= Panamanian reggaetón =

Regional name for the musical genre from Panama

In Panama, reggaetón is a musical genre that is a combination of reggae, Jamaican dancehall, hip hop, soca, bomba, plena and various Caribbean music styles imported from Puerto Rican Reggaeton. Lyrics to reggaetón are typically sexually explicit and are generally rapped, but many reggaetón artists will also sing their lyrics.

==History==
===Beginnings===
Reggae en Español, originated on the isthmus of Panama. The roots of Panamanian reggaetón can be traced back to the creation of the Panama Canal. During the construction of the Canal, up to 12,000 African workers and their families were brought to Panama from the West Indies.
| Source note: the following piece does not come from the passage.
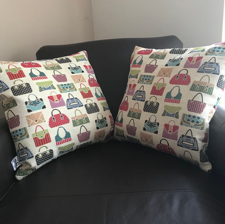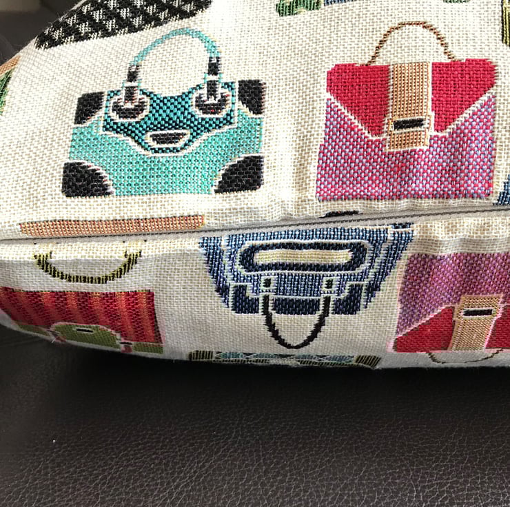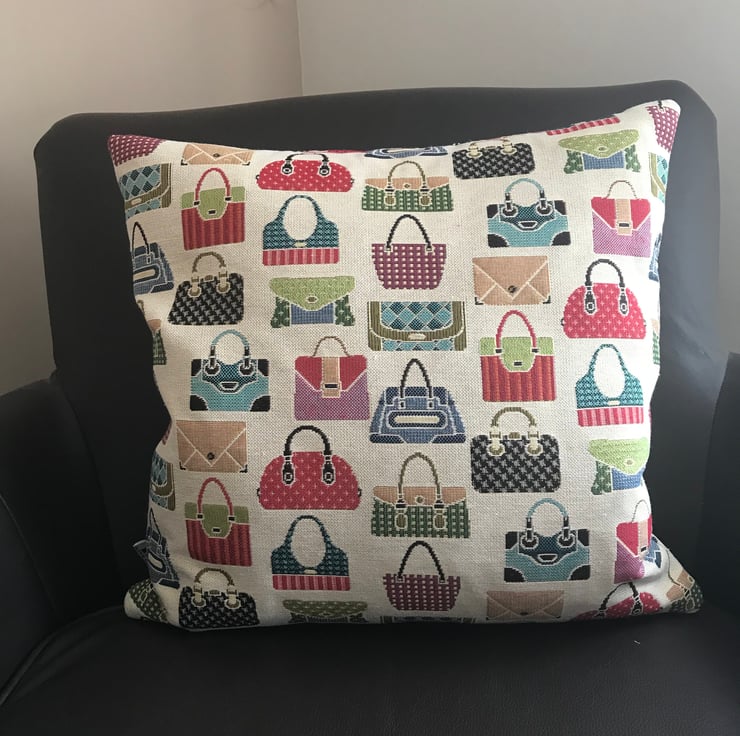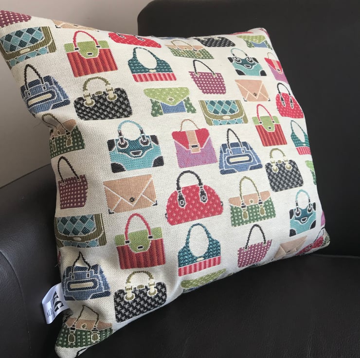 This luxury cushion is made with tapestry fabric with a hand bag design the patterned fabric is on each side of the cushion.

With them, these migrants brought Afrocentric music, such as rumba, mambo, the cha-cha-cha and calypso. In the 1980s, many reggae artists began to translate these music styles into Spanish and combine them with dancehall; from this, reggae en Español was formed. Often artists would translate Jamaican songs into Spanish and then proceed to sing over the original reggae melodies. These Afrocentric music styles became more popular during the rise of African movements in the 1920s. Panamanian reggae emerged as a blend of Jamaican dancehall, reggae, Trinidadian soca and calypso music. During its early years, reggae en Español was promoted by artists who would sell their demo tapes to bus drivers.
Calypso has heavily influenced reggaetón, especially through its introduction of lyrical improvisation. Improvised lyrics are best exemplified by the music of El General, or Edgardo Franco. In the mid-1980s, Jamaican dancehall rap was added to the reggae en Español mix, and during the late 1980s, "reggaetón" officially emerged. One of the first reggaetón hits was "My Woman Thus Speaks"/"The Drum to Me", released by the group Nando Boom in 1985. The style grew as El General released his first single "Tu Pum Pum". Although it originated in Panama, reggaetón gets its name from Puerto Rico; Puerto Ricans preferred to call the music genre "el reggaetón", instead of "reggae en Español".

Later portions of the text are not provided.